Но чем старше я становилась, тем чаще возникал вопрос — а почему я верю именно этим людям? И откуда они черпают свои знания?
Почему чьи-то чужие представления о том, как правильно, должны управлять моей жизнью? Моей?
С этого момента подчиняться чужим правилам я уже не могла, пока мне не объясняли их смысл. «Ну, просто так принято» и «Так надо» за объяснения не считались.
Как-то вдруг в тридцать лет оказалось, что я теперь совершенно не знаю, как правильно.
И, главное, никто не знает. Не у кого спросить.
Единственный ориентир, который я нашла для себя — не делать людям больно.
До сегодняшнего дня мне удавалось как-то держаться за призрачную надежду, что хоть это у меня получается.
Но когда Полина входит в бар в темных очках в девять вечера, сразу останавливая пробегающую мимо официантку, чтобы попросить бутылку вина, и снимает их, только сев за стол, я понимаю, что обманывала себя.
Ничерта у меня не получилось.
— Что, настолько хреново выгляжу? — она трет красные заплаканные глаза, не замечая, что размазывает остатки туши. — Да, Лан, теперь все мои сорок налицо. Раньше была женщиной без возраста, а теперь он мне отомстил.
Я сжимаю ледяными пальцами бокал со светлым пивом — пьянеть не хотелось, только поговорить. Но, кажется, чтобы догнать ее, надо уже заказывать водки. Она пьяна так глубоко, как бывает лишь на третий-четвертый день возлияний. Не запоя, нет. Просто безостановочного вливания в себя алкоголя.

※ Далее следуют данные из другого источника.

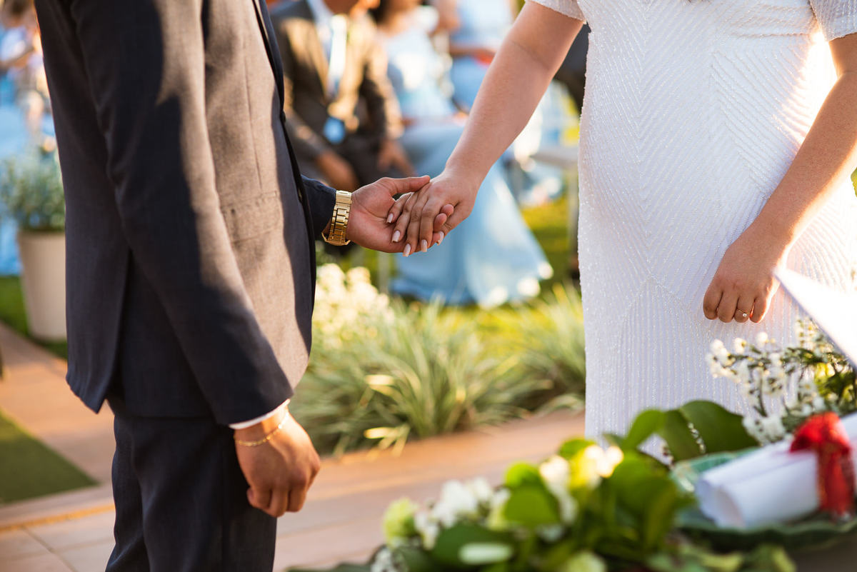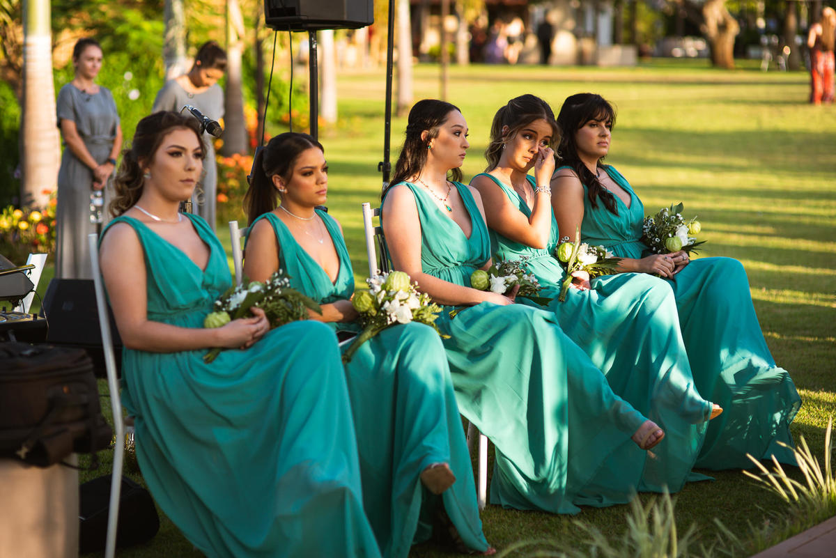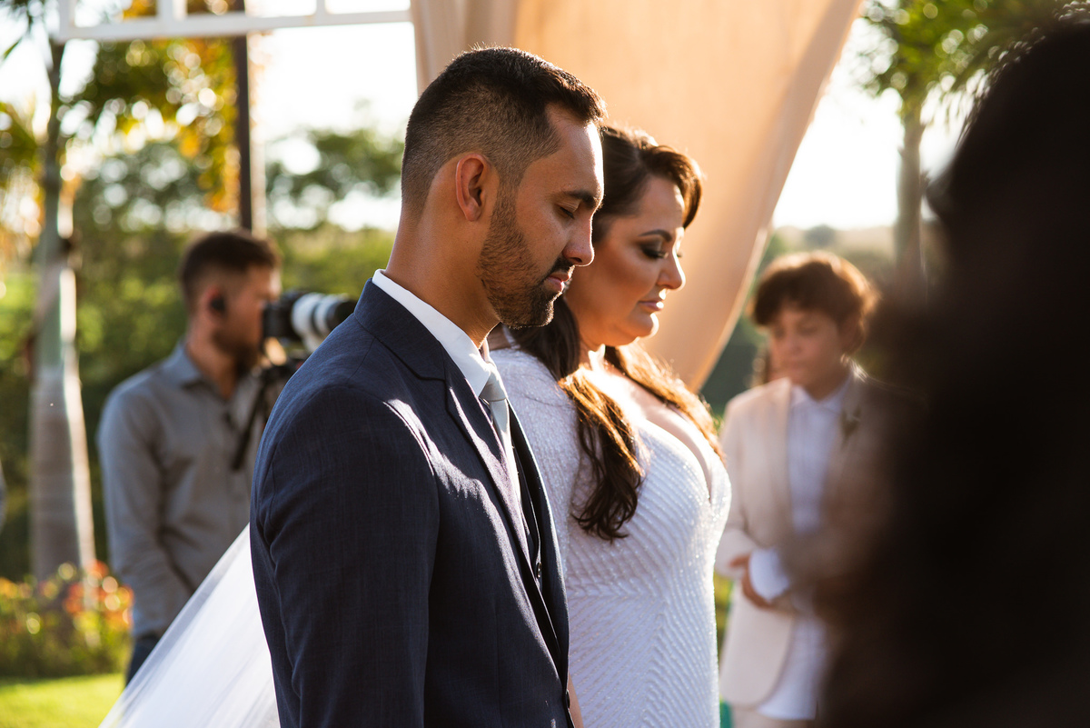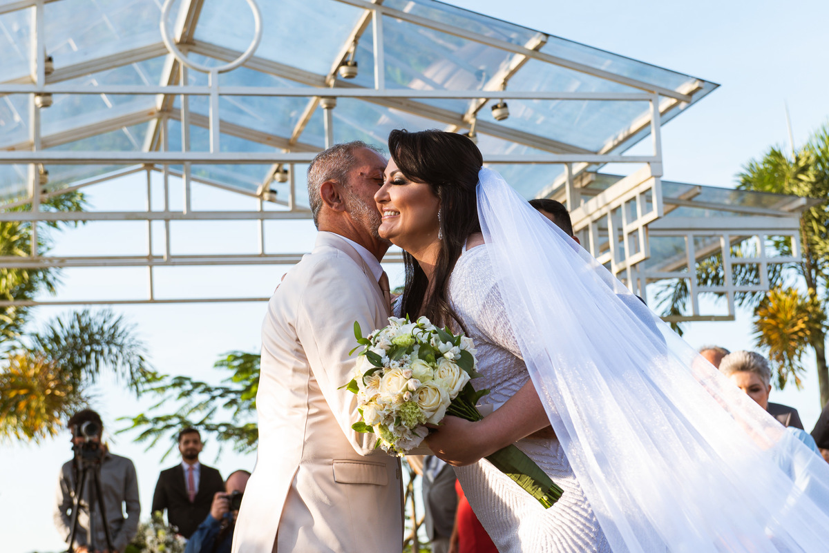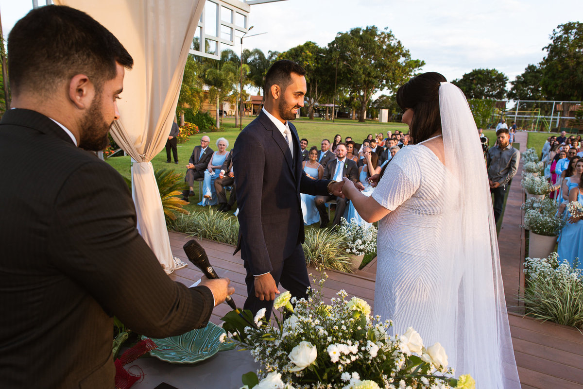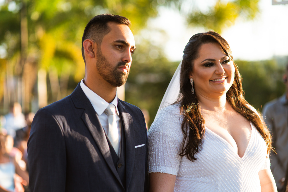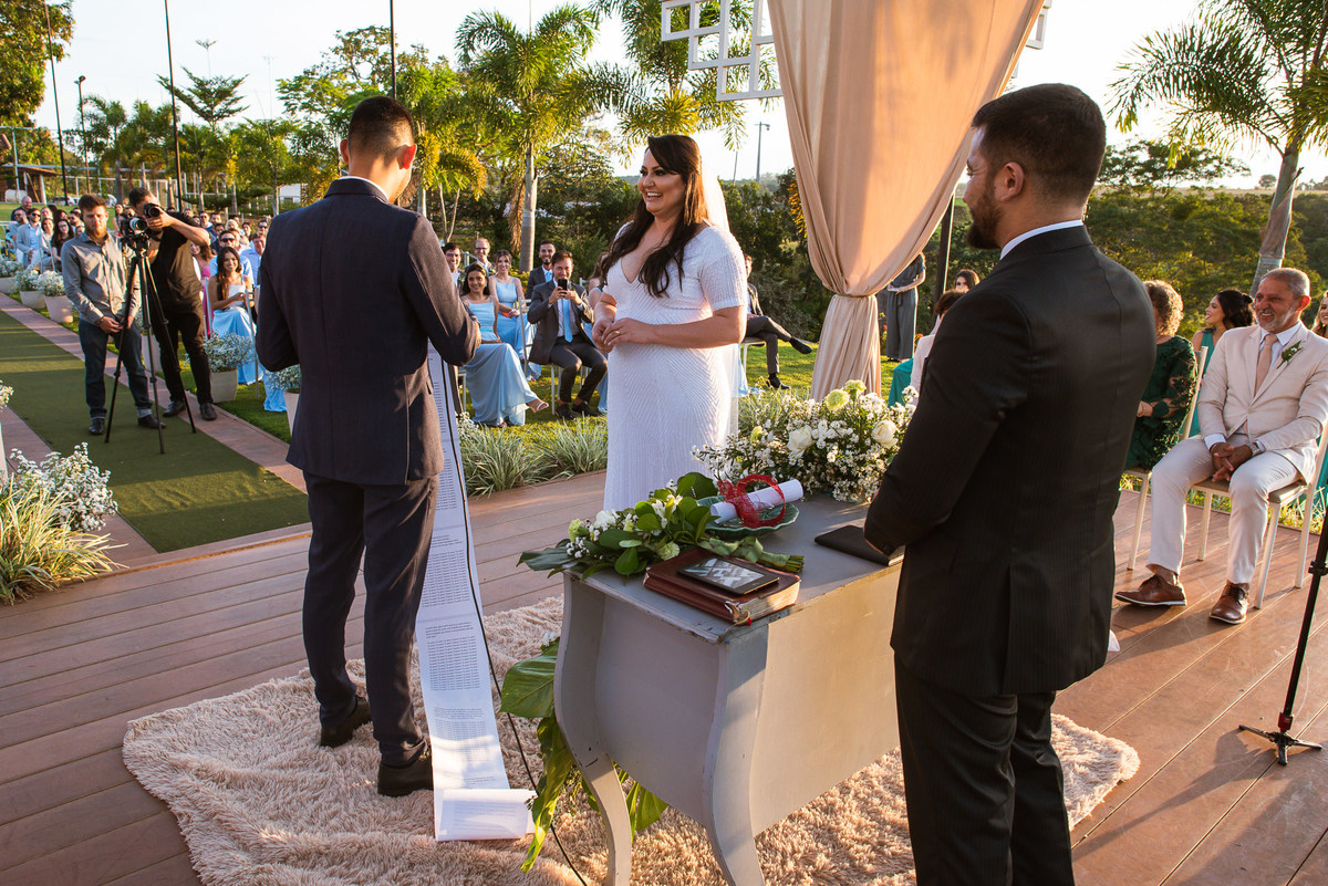 Aquela tarde linda de sol e um céu azul inigualável deixou tudo ainda mais lindo. Daniel juntamente com sua mãe caminhou muito emocionado rumo ao altar. Já no meio da caminhada, ele não segurou as lágrimas. Os padrinhos e madrinhas fizeram da sua entrada um verdadeiro show. Sorriam e abrilhantavam a cerimônia com carisma e muita alegria. Dayane escolheu 11 damas adultas para também fazer parte do seu momento. Enfim, ao som do saxofone, era anunciada a chegada do momento mais importante do casamento. Dayane e seu pai caminhavam lentamente, curtindo cada segundo daquele momento único e inesquecível. Visivelmente emocionado, Daniel mal conseguia conter as lágrimas. Dayane por sua vez, quando avistou seu noivo chorando, não conseguiu mais segurar a emoção.

Мешки под глазами, уставшая серая кожа, морщины на лбу — все исправимо, но всего этого не было еще месяц назад.
— С Маруськой все нормально? — мне нужно промочить горло элем, чтобы суметь выдавить из себя хотя бы этот вопрос.
Полина отмахивается:
— Ерунда. Даже зашивать не пришлось, больше визгу было.
— Хорошо… — тупо бормочу я, не зная, что еще сказать.
Несколько глотков пива меня спасают.
В любой другой ситуации я бы уже сбежала. Но сейчас нет ничего важнее, чем узнать, что происходит с Германом. Я готова выжимать из Полины каждое слово любыми неконвенциональными методами. Мне слишком нужно знать.
— Лан, я сама себя не узнаю… — Полина дожидается свою бутылку вина и смотрит на то, как официантка наполняет бокал, непроизвольно облизывая губы. — Представляешь, отняла у него телефон и сама отправила ей сообщение — расстаемся, мол.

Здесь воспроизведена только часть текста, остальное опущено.